» **Given data**:
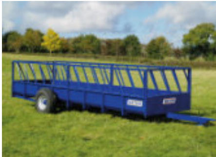
WATSON FEED TRAILERS 16' & 20' - IN STOCK SOON
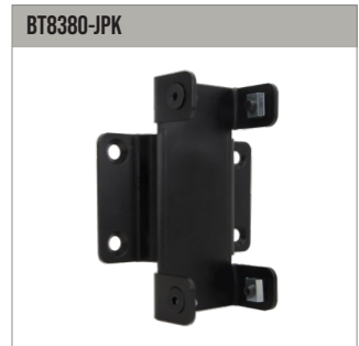
Joining Plate Kit is used for joining Mounting Rails to Vertical Columns
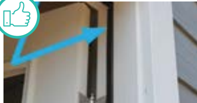
Good weatherstripping.
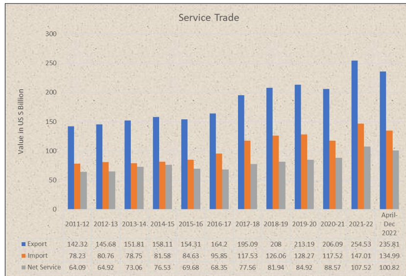
Table 3: India Merchandise Trade of Services Since 2011-12 to April-Dec 2022.

compared to US$ 184.65 billion in April-December 2021, which is a positive growth of 27.71 per cent. Services imports were US$ 147.01 billion in 2021-22 as compared to US$ 117.52 Billion in 2020-21, a positive growth of 25.09 per cent. The cumulative value of imports during April-December 2022 was US$ 134.99 billion, registering a positive growth of 28.01 per cent vis-à-vis April-December 2021. A surplus of US$ 107.52 billion and US$ 100.82 billion was generated in services trade in 2021-22 and April-December 2022 respectively. The broad trends in Services Exports, Imports and Trade Balance in the last ten years are given in the table below:
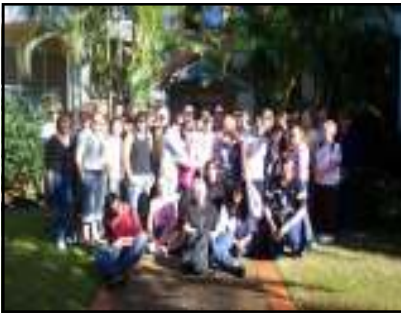
College camp 2005

This is the third consecutive year Northam Residential College is having an interstate camp. Trips to Tasmania in 2004 and Gold Coast 2005 has set the pace for the venue of this years camp, Canberra.
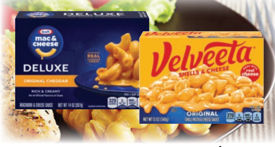
KRAFT DELUXE MAC & CHEESE 14 Oz. Original or 12 Oz. Original Velveeta Shells & Cheese
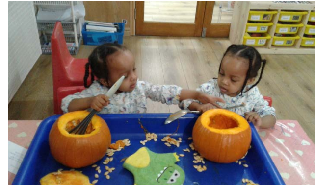
Learning that some things are mine, some things are yours.
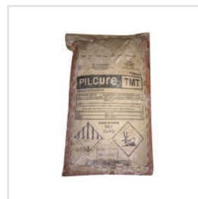
Pilcure Tmt Accelerator
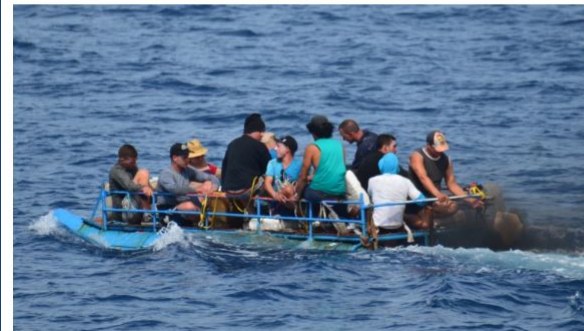
The Coast Guard found this group of Cuban migrants south of Key West, Florida, on September 13.

Updated 7:15 PM ET, Tue September 22, 2015
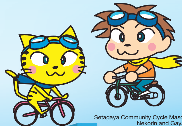
Setagaya Community Cycle Mascots Nekorin and Gayabo

Wear a helmet to prevent injuries in case of an accident.
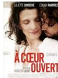
A cœur ouvert
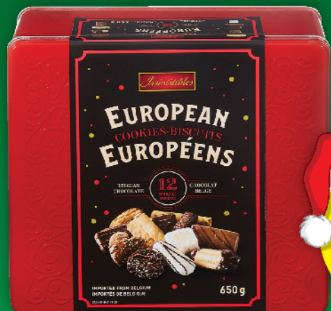
IRRESISTIBLES EUROPEAN COOKIES 650 G WHILE QUANTITIES LAST
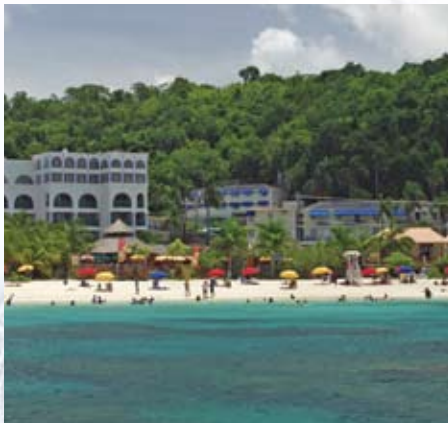
Promoting sustainable tourism
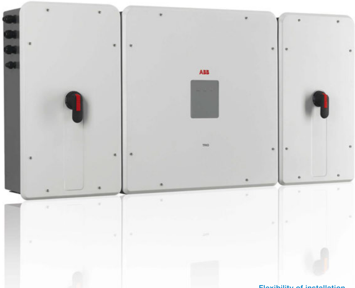
ABB string inverters TRIO-50.0-TL-OUTD 50 kW

The new TRIO-50.0 inverter is ABB's three-phase string solution for cost efficient large decentralized photovoltaic systems for both commercial and utility applications.
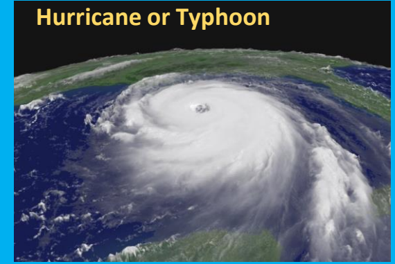
Hurricane or Typhoon
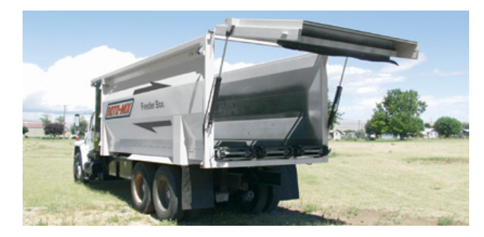
Rear Discharge - tailgate opens with two hydraulic cylinders to near 90 degrees.
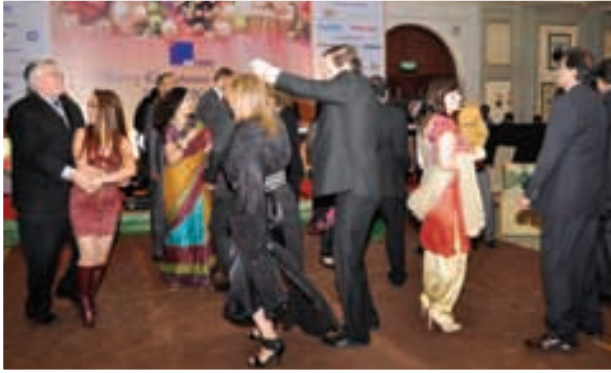
AMCHAM Members dancing all the way during Annual Christmas Ball.
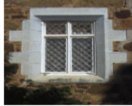
coriyule homestead mcdermott road drysdale detail of stone framed window
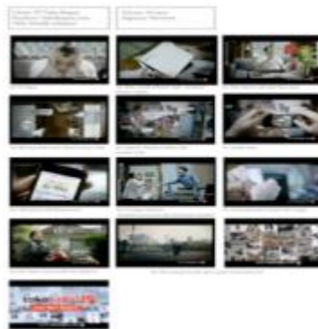
Figure 3 TokoBagus Eid Television Commercial 2011 (Source: Pantarei Communication)

The proposition was the alternative source to make some money. This strategy is fit for Eid season because there is an urgency to get some money to celebrate lebaran together with the family in the hometown. In order to build a consistent brand character, the tones of voices were still the same as the campaign before. The media also had not changed. The desired response was people got an idea to make fast additional money by selling goods in TokoBagus. The creative strategy was giving advice, where this advertisement gave an advice on how to make alternative money. The video in Figure 3 showed Agus had a difficulty to come to his hometown. Agus was advised to sell his unused things in his warehouse at TokoBagus. Because of that, Agus got some money to celebrate lebaran at his hometown.
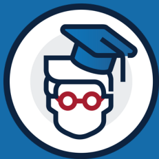
EDUCATION & CAREER PROGRAMS
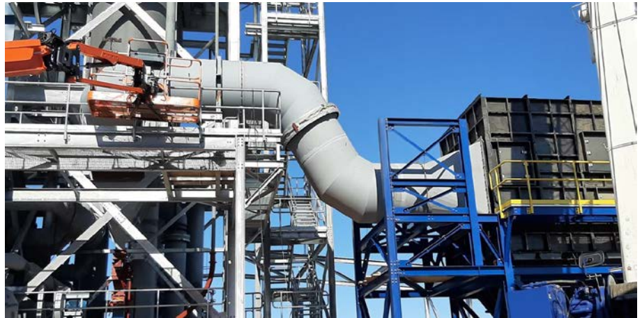
Cyclone ducting work completed in March 2021
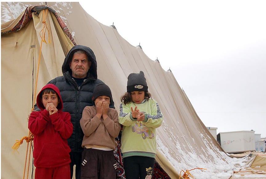
A street leader with his children in front of a half collapsed tent which is used as a Mosque.

Pfattner visited Za'atari camp the day after the storm where LWF implements a number of projects in a location known as the “Peace Oasis”. “It is also very difficult for the refugees in the camps to cope” he says. “Several tents were blown away and numerous others
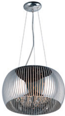
E21405-81PC Sense II 5-Light Pendant
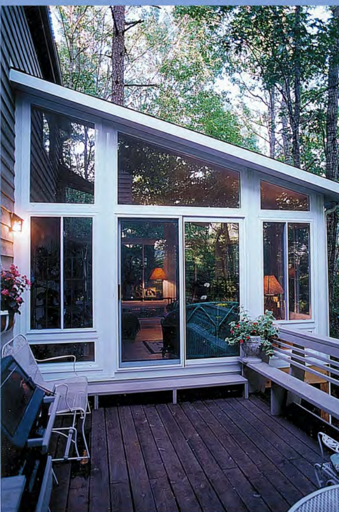
Marquee Roof Style
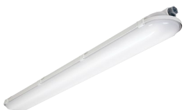
Metalux VT3 Vaportite LED
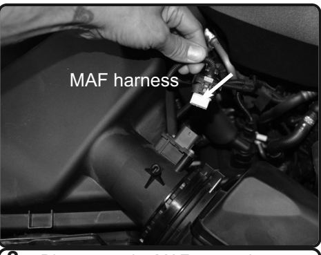
2. Disconnect the MAF sensor harness.
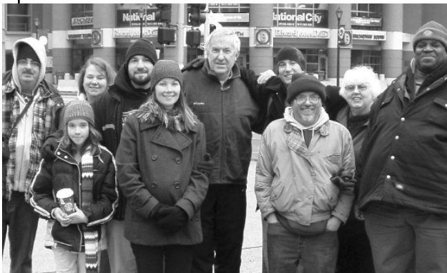
Some of the team that went to Urbana.

Had we not been outside on the streets speaking up for them, the students would have never had the unjust killing of the preborn brought to their minds. We put out thousands of pieces of literature, and had countless conversations.
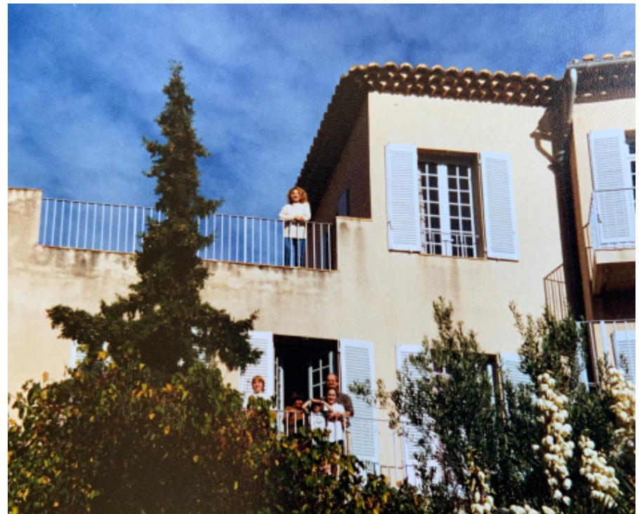
FORMER FELLOWS WITH THEIR FAMILY IN 1996

Animals other than officially registered service animals are not allowed. Fellows are responsible for securing all necessary documents and meeting all standards if bringing a service dog from outside of the country.
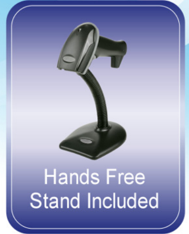
Hands Free Stand Included
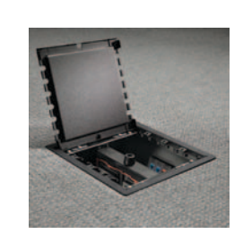
1 Power Base Floor Box

Pedestals offer 1"–2" adjustment range to easily accommodate irregular subfloors.
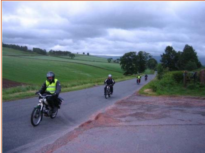
Somewhere in the North Lakes
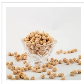
Kabuli Chana Chickpeas
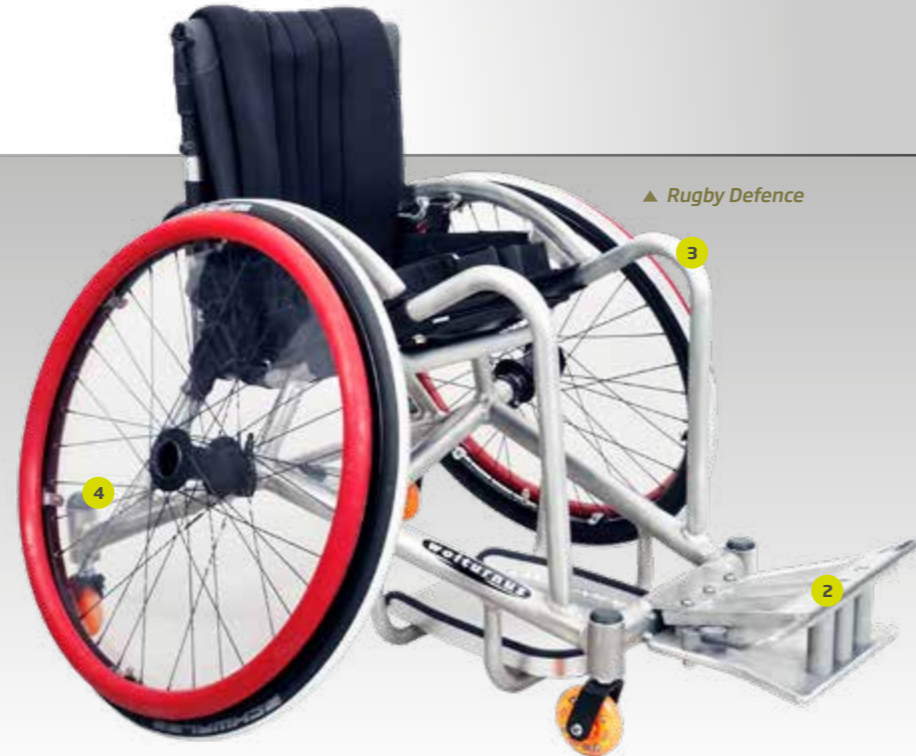
▲ Rugby Defence

Fully welded anti-tip supports for maximum stability on the court.
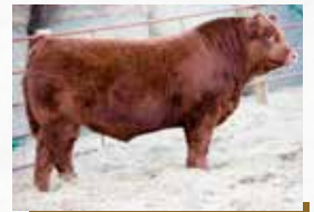
Gold Rush - Service Sire
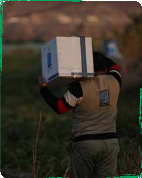
Um Tamam - A beneficiary of Tkiyet Um Ali’s Monthly Food Parcels (Sustainable Food Aid Program)

“Had it not been for Tkiyet Um Ali, we would have been in a difficult situation, and my kids would have all had to leave schooling to secure something to eat.”
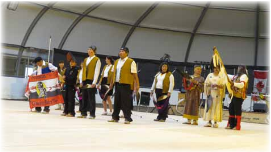
The Vuntut Gwich'in Dancers perform at the ceremony.
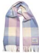
LILAC ROSE CIG50-HT
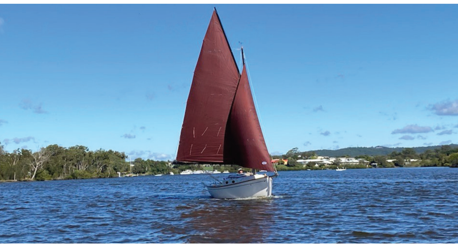
Darryl on No name yet happily sailing on lake Cooroibah and Noosa river.
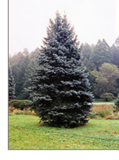
Royal Blue Spruce

361 N. Hunter Highway Drums, PA 18222 (570) 788-4181 www.beechwood-gardens.com
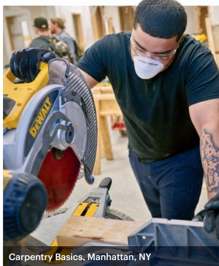
Carpentry Basics, Manhattan, NY
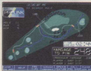
Prolink's onscreen yardage feature
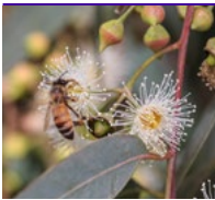
Dwarf Sugar Gum Eucalyptus cladocalyx nana

Choose up to two free native trees ideal for growing in Melbourne gardens.
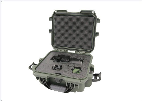
NC 6x50 Hard Case
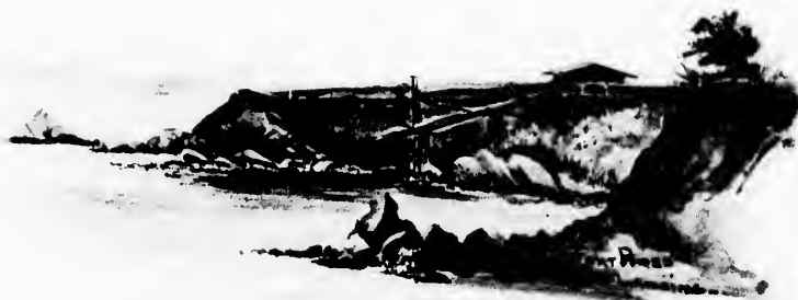
LANDING AT FORT ROSS, CALIFORNIA
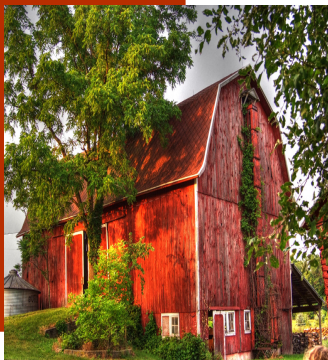
Historic barn in Michigan

Keep on the lookout for those barn finds. Several of them have been found recently and some have been going on sale but for a Maico barn find they are usually a
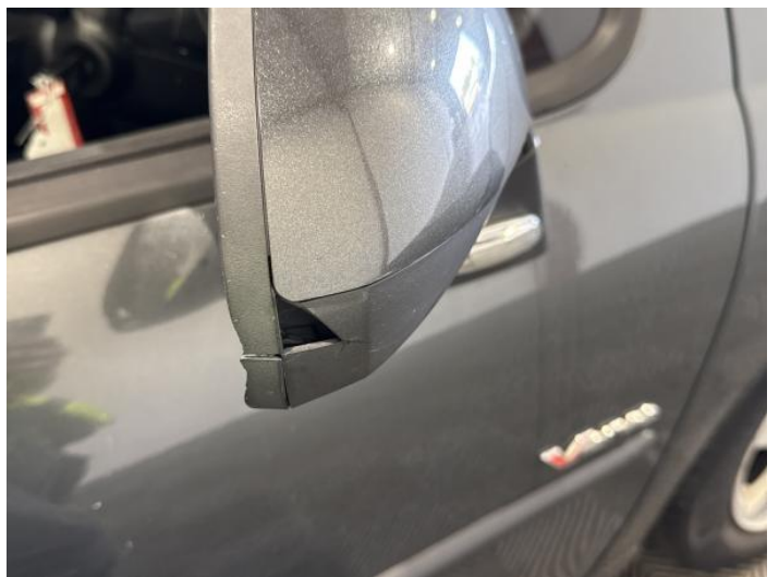
14: Door Mirror Assy osf Broken Replace
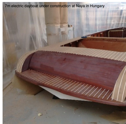
7m electric dayboat under construction at Naya in Hungary

and even with electric propulsion. As such, the team at Naviculus draw on their vast industry experience to offer clients a truly innovative solution.
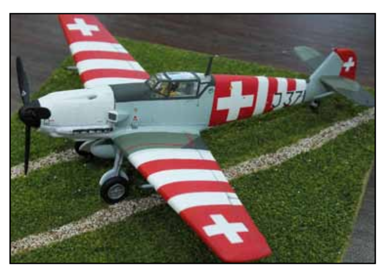
1/72 Airfix Messerschmitt Me 109G 'Swiss'
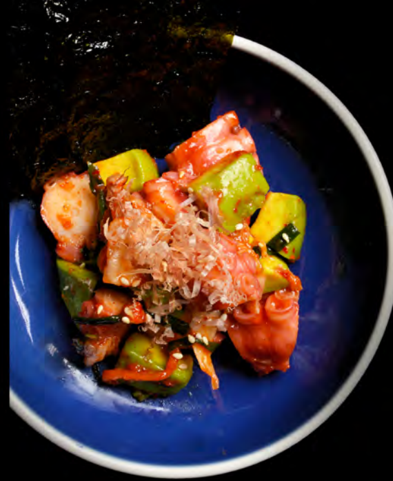
TAKO KIMCHI MARINATED OCTOPUS W/ KIMCHI & AVOCADO
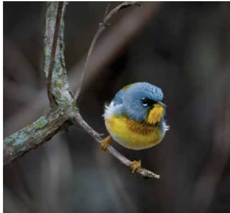
by Rena Schild
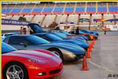
Lots of great looking Vettes
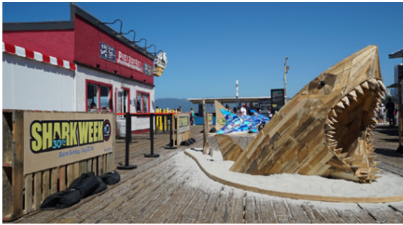
Discovery Shark Week
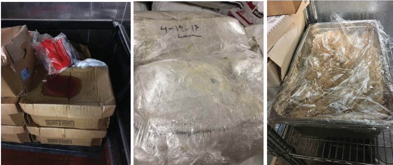
Figure 1. Open packaged raw meat and food items leaking blood, not relabeled and dated, observed by OIG at the Essex facility on July 24, 2018 (left); food not properly labeled or stored at LaSalle facility on August 7, 2018 (center); and unlabeled food with no description or date at Aurora facility on November 6, 2018 (right).
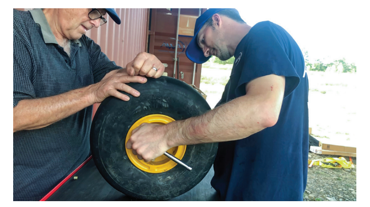
Guys Tire Work
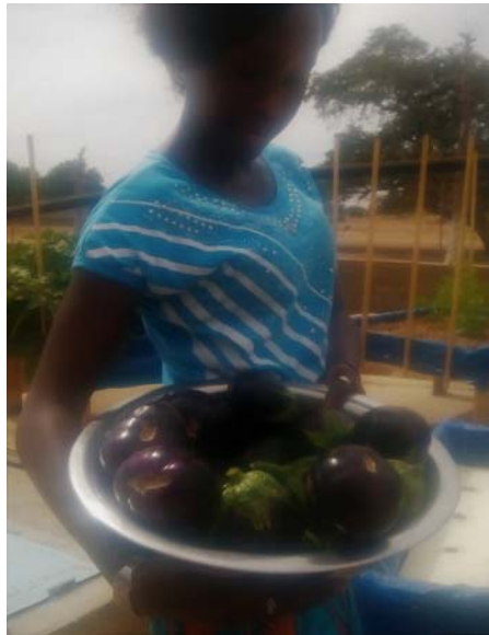
Figure 10.4 Eggplant harvest after 2.5 months. (S.Sene, 2018).

Growing crops such as tomatoes considerably increased the revenue of project beneficiaries. As an example, in the village of Walalane, where market gardening was conducted in fields, and irrigated using the above-mentioned restored water tank, 604 kg of tomatoes were harvested from a 100 m 2 parcel of land and sold for 22,500 Fcfa (343 euros). This money was used by the five, female project beneficiaries, to improve the quality of the food they bought for their families, by buying seasonings and spices and additional food stuffs.
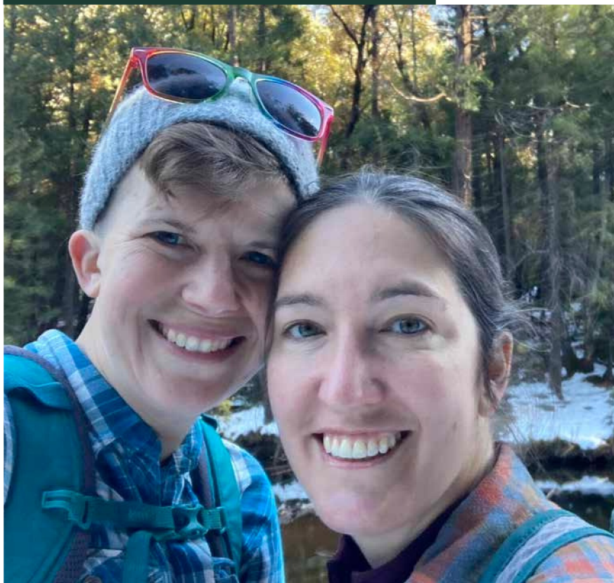
ENJOYING HIKES TOGETHER SINCE DAY ONE

We think we're pretty down-to-earth and easy to talk to. We would love the chance to get to know you.
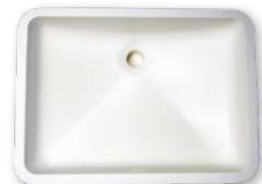
1812VO 18" x 12-3/4" x 5" Deep Bowl with overflow
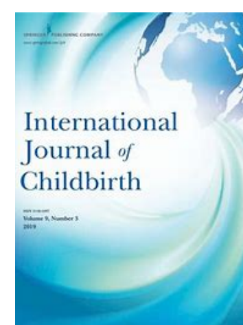
Int. J. of Childbirth
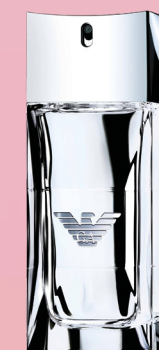
Emporio Armani DIAMONDS FOR MEN EDT 75ML £43.99
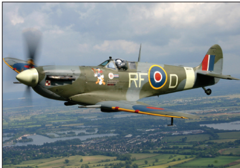
Spitfire Vb carrying WWII Polish Squadron insignia.
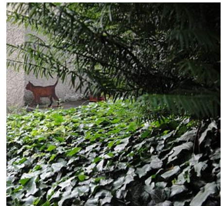
A life-size cat figure in the garden of Huttenstrasse 9, Zurich, where Erwin Schrödinger lived 1921–1926. Depending on the light conditions, the cat appears either alive or dead.

The prevailing theory, called the Copenhagen interpretation , says that a quantum system remains in superposition until it interacts with, or is observed by the external world. When this happens, the superposition collapses into one or another of the possible definite states . The EPR experiment shows that a system with multiple particles separated by large distances can be in such a superposition. Schrödinger and Einstein exchanged letters about Einstein's EPR article , in the course of which Einstein pointed out that the state of an unstable keg of gunpowder will, after a while, contain a superposition of both exploded and unexploded states. [4]

» **Work item**: Go through the entries above and copy every line containing "TokoBagus".

» **Solution for this exercise**:
Figure 3 TokoBagus Eid Television Commercial 2011 (Source: Pantarei Communication)
The proposition was the alternative source to make some money. This strategy is fit for Eid season because there is an urgency to get some money to celebrate lebaran together with the family in the hometown. In order to build a consistent brand character, the tones of voices were still the same as the campaign before. The media also had not changed. The desired response was people got an idea to make fast additional money by selling goods in TokoBagus. The creative strategy was giving advice, where this advertisement gave an advice on how to make alternative money. The video in Figure 3 showed Agus had a difficulty to come to his hometown. Agus was advised to sell his unused things in his warehouse at TokoBagus. Because of that, Agus got some money to celebrate lebaran at his hometown.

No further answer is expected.